Platmin Limited (the "Company" or "Platmin", TSX/AIM: PPN) announced today that it has entered into an investors and subscription agreement (the "Agreement") with, among others, Ivy Lane Capital Limited, being the Pallinghurst Investor Consortium's investment vehicle ("Pallinghurst") and the Bakgatla-Ba-Kgafela Tribe ("Bakgatla") and Bakgatla Pallinghurst JV (Proprietary) Limited ("BPJV", a company jointly owned by Pallinghurst and Bakgatla as to 49.9% and 50.1% respectively), to issue, by way of private placement, a total of 258,416,038 common shares of Platmin (the "Common Shares") in two tranches for gross proceeds of US$125 million and ZAR 500 million respectively (an aggregate of approximately US$175 million). The transaction will include (i) the private placement; and (ii) the exchange of shares of Platmin's operating subsidiary Boynton Investments (Proprietary) Limited ("Boynton") for newly issued common shares of Platmin such that Platmin will acquire an 100% indirect equity interest in Boynton, ((i) and (ii) collectively, the "Transaction"). Further details of the Transaction are set out below. The Company is applying to the TSX for an exemption from the shareholder approval requirements to complete the Transaction, on the basis of the financial hardship exemption available under section 604(e) of the TSX Company Manual.
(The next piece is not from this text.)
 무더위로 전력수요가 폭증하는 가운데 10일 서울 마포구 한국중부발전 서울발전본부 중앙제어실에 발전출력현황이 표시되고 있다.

Pallinghurst has subscribed for 184,886,627 Common Shares at a purchase price of C$0.85 (or ZAR 6.8) per Common Share, for a total consideration of approximately US$125 million, based on the exchange rate on December 8, 2008 (the "First Tranche"). Subject to requisite regulatory approvals, the closing date of the First Tranche is expected to be no later than December 19, 2008. Upon closing of the First Tranche, Pallinghurst will hold approximately 62.4% of the then issued and outstanding common shares of Platmin.
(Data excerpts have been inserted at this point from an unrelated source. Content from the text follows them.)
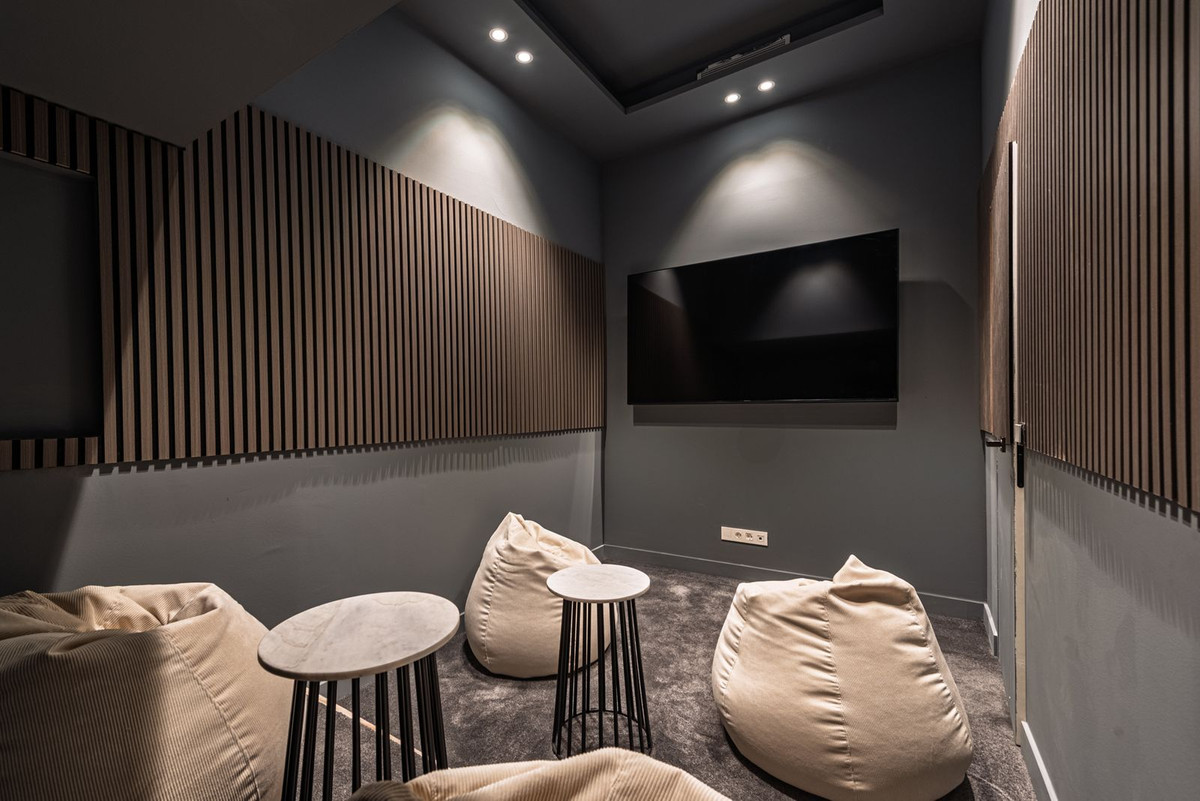 The basement is designed for leisure and fitness, featuring a fully equipped gym and a home cinema. An additional bedroom ensures privacy and comfort for guests or family members.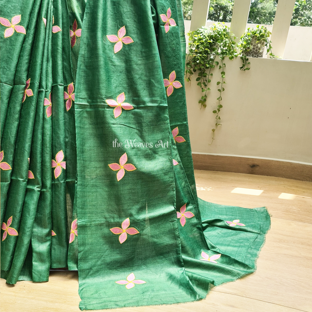 Sea Green Desi Ghicha Silk Embroidery Saree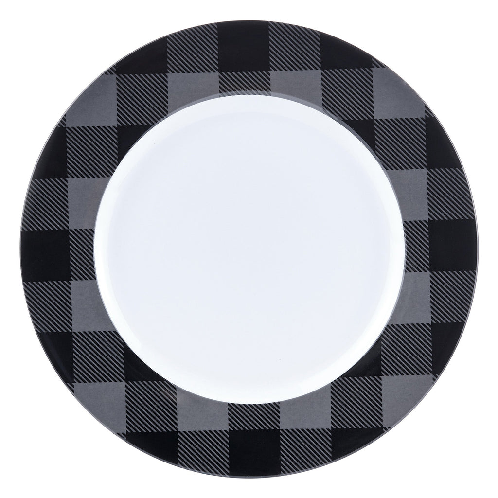 Evoke a sense of modern rustic sophistication with the Buffalo Plaid Grey/Black 16-piece dinnerware set. Each piece is artfully draped in the iconic Buffalo Plaid pattern, merging muted greys with intense blacks for a contemporary and chic ambiance that is both versatile and timeless. Designed for a service of four, this collection seamlessly blends rustic comfort with sleek urban aesthetics to enhance every dining moment.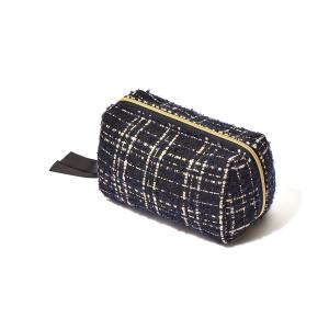 ポーチ ツイード スタンドポーチ ブラック レディース

Brian Gilbertson, Chairman of Pallinghurst and Arne Frandsen, CEO of BPJV, will join the board of directors of Platmin on completion of the First Tranche. In addition, at such time, Rupert Pardoe will resign from the board of directors of Platmin, and Keith Liddell, currently Deputy Chairman of the Company, will become Chairman. Jay Kellerman and Ron Little have also announced that they will not stand for re-election as directors and suitable replacements will be sought in due course.
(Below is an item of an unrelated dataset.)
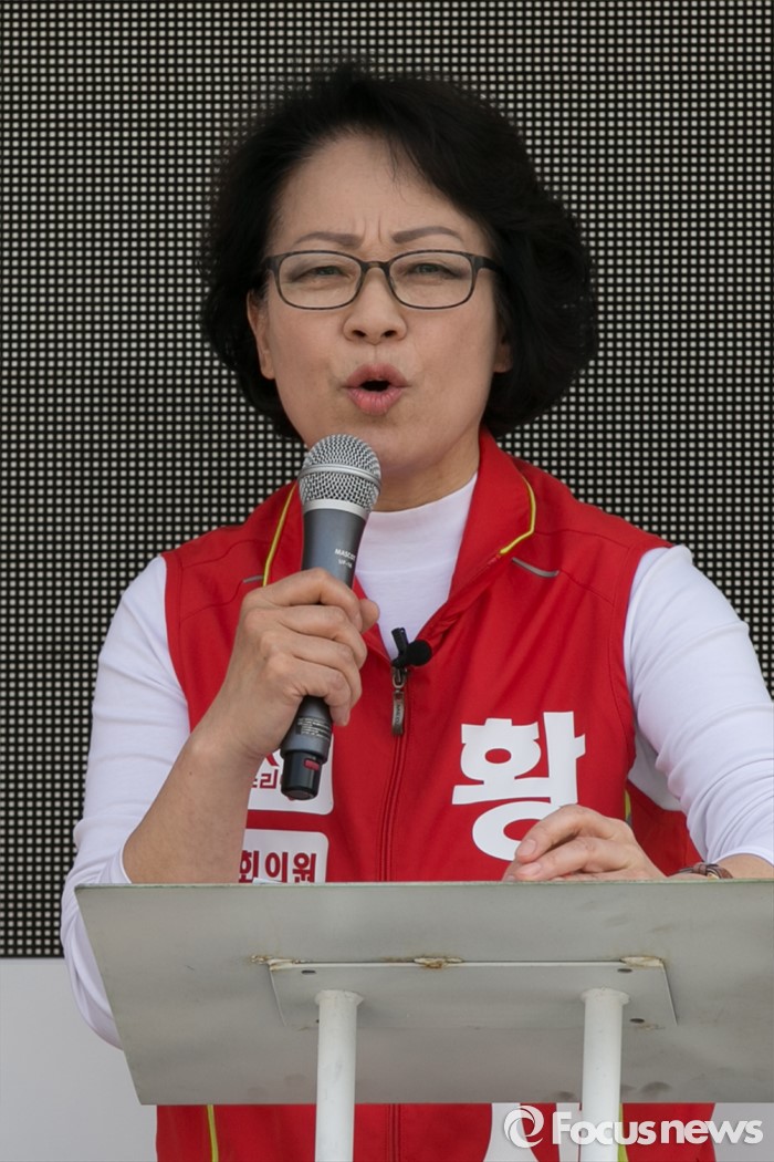 (서울=포커스뉴스) 4.13 총선 공식선거운동이 시작된 31일 오후 서울 용산구 후암시장 앞에서 황춘자 용산 후보가 유세를 하고 있다.

The net proceeds of the First Tranche will be used principally to complete the development of the Company's Pilanesberg Platinum Project.

Pursuant to the Agreement, Platmin will issue 73,529,411 Common Shares to the Bakgatla through BPJV or Pallinghurst, as applicable, on or before March 31, 2009 at a per share purchase price of either ZAR 6.80 or US$0.67609 (C$0.85 based on the exchange rate on December 8, 2008) for a total purchase consideration of ZAR 500 million (the "Second Tranche").

BPJV will be the subscriber for the Second Tranche Common Shares if, on or before March 20, 2009: (i) Platmin has listed its common shares for trading on the Johannesburg Stock Exchange; (ii) BPJV receives approval of the Exchange Control Division of the South African Reserve Bank ("SARB") for the subscription and listing, and (iii) other conditions are satisfied. If these conditions have not been satisfied prior to March 20, 2009 then Pallinghurst will subscribe for the Second Tranche in place of BPJV on March 31, 2009.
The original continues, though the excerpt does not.